Повизгивали медные колесики, скрипел пол, гулко бухал барабан; люди, впряженные в эту тяжелую колесницу, остановились, выпрямились. Артамонов ждал, что все засмеются — тогда стало бы понятнее, но все за столом поднялись на ноги и молча смотрели, как лениво женщина отклеивалась, отрывалась от крышки рояля; казалось, что она только что пробудилась от сна, а под нею — кусок ночи, сгущенный до плотности камня; это напомнило какую-то сказку.

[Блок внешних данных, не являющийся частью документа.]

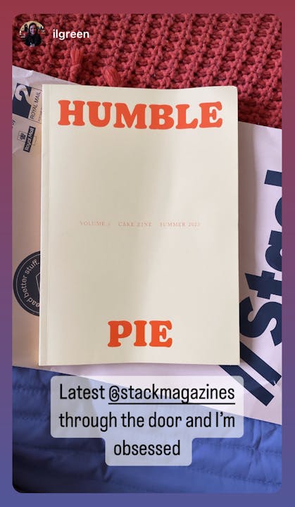 Cake Zine has a robust roster of events bringing the magazine to life, both in our home base of New York City and around the world. Our most recent NYC launch party for Humble Pie featured over 800 people feasting on dessert, reading magazines, getting pie-themed tattoos, and even participating in a very humbling pie eating contest. We also run an active newsletter and Instagram account, and do regular merch drops in collaboration with the NYC-based design studio Social Species.

Стоя, женщина закинула обильные и густые волосы свои за плечи, потопала ногами, замутив глубокий блеск лака пятнами белой пыли; было слышно, как под ударами ее ног гудели струны.
Вошли двое: седоволосая старуха в очках и человек во фраке; старуха села, одновременно обнажив свои желтые зубы и двухцветные косточки клавиш, а человек во фраке поднял к плечу скрипку, сощурил рыжий глаз, прицелился, перерезал скрипку смычком, и в басовое пение струн рояля ворвался тонкий, свистящий голос скрипки. Нагая женщина волнисто выпрямилась, тряхнула головою, волосы перекинулись на ее нахально торчавшие груди, спрятали их; она закачалась и запела медленно, негромко, в нос, отдаленным, мечтающим голосом.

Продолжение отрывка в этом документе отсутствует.